Overlapping regions and priority
--------------------------------
Usually, regions may not overlap each other; a memory address decodes into
exactly one target.  In some cases it is useful to allow regions to overlap,
and sometimes to control which of an overlapping regions is visible to the
guest.  This is done with memory_region_add_subregion_overlap(), which
allows the region to overlap any other region in the same container, and
specifies a priority that allows the core to decide which of two regions at
the same address are visible (highest wins).
Priority values are signed, and the default value is zero. This means that
you can use memory_region_add_subregion_overlap() both to specify a region
that must sit 'above' any others (with a positive priority) and also a
background region that sits 'below' others (with a negative priority).

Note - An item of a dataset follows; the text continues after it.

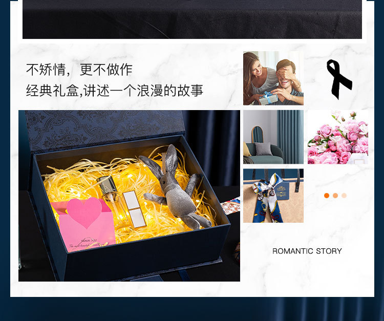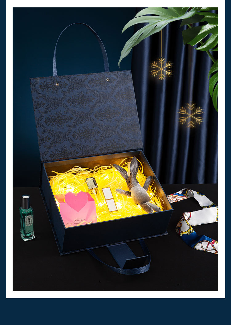 Specification model: Elegant blue pattern + raffia + silk scarf + wishing rabbit + Lantern + greeting card; Small size 18*13*6.5

If the higher priority region in an overlap is a container or alias, then
the lower priority region will appear in any "holes" that the higher priority
region has left by not mapping subregions to that area of its address range.
(This applies recursively -- if the subregions are themselves containers or
aliases that leave holes then the lower priority region will appear in these
holes too.)

For example, suppose we have a container A of size 0x8000 with two subregions
B and C. B is a container mapped at 0x2000, size 0x4000, priority 2; C is
an MMIO region mapped at 0x0, size 0x6000, priority 1. B currently has two
of its own subregions: D of size 0x1000 at offset 0 and E of size 0x1000 at
offset 0x2000. As a diagram::

        0      1000   2000   3000   4000   5000   6000   7000   8000
        |------|------|------|------|------|------|------|------|
  A:    [                                                      ]
  C:    [CCCCCCCCCCCCCCCCCCCCCCCCCCCCCCCCCCCCCCCC]
  B:                  [                          ]
  D:                  [DDDDD]
  E:                                [EEEEE]

The regions that will be seen within this address range then are::

  [CCCCCCCCCCCC][DDDDD][CCCCC][EEEEE][CCCCC]

Since B has higher priority than C, its subregions appear in the flat map
even where they overlap with C. In ranges where B has not mapped anything
C's region appears.

If B had provided its own MMIO operations (ie it was not a pure container)
then these would be used for any addresses in its range not handled by
D or E, and the result would be::

  [CCCCCCCCCCCC][DDDDD][BBBBB][EEEEE][BBBBB]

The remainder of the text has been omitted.